### Goal of the exercise
Using the word "Flood" as the filter, copy each matching line from the records.

### Task input
----------------------------------------

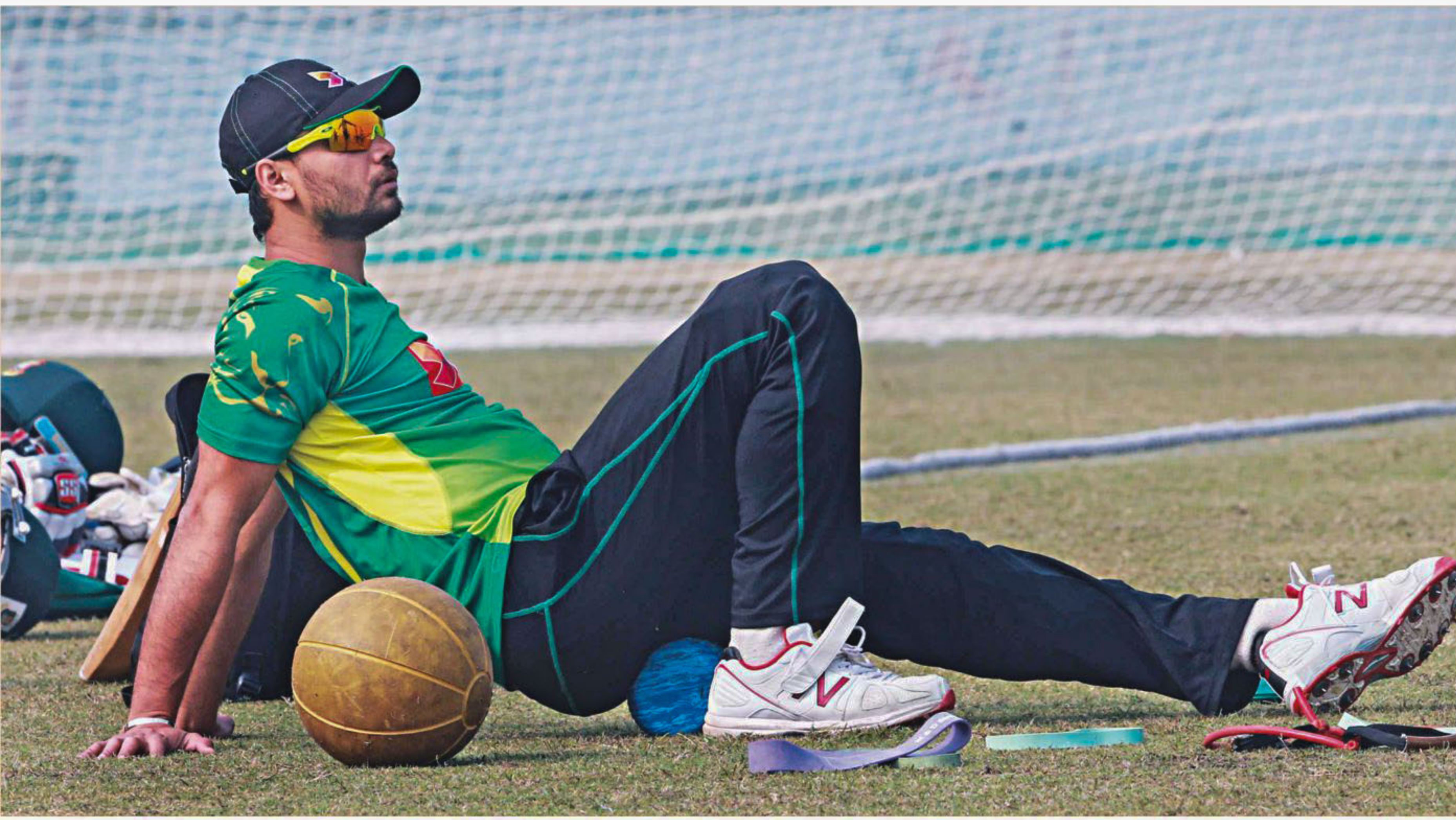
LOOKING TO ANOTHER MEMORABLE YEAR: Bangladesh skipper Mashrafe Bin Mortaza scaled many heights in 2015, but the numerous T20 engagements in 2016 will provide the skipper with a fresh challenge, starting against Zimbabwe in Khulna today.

----------------------------------------

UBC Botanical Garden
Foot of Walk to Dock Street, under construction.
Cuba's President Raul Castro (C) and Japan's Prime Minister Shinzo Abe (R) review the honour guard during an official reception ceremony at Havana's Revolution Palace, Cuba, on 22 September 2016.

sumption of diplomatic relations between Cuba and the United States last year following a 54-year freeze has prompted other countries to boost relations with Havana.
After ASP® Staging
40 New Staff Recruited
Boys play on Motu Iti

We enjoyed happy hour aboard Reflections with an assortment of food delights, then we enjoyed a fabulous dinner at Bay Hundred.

----------------------------------------

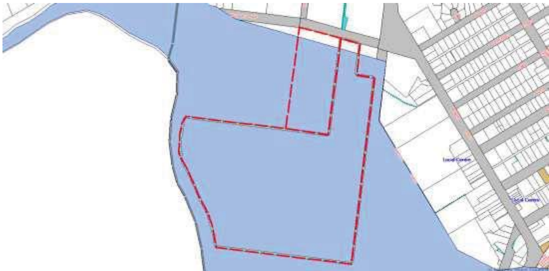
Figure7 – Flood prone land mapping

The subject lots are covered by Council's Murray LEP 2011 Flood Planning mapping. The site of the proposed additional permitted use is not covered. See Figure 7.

----------------------------------------

### Solution for this exercise
Figure7 – Flood prone land mapping
The subject lots are covered by Council's Murray LEP 2011 Flood Planning mapping. The site of the proposed additional permitted use is not covered. See Figure 7.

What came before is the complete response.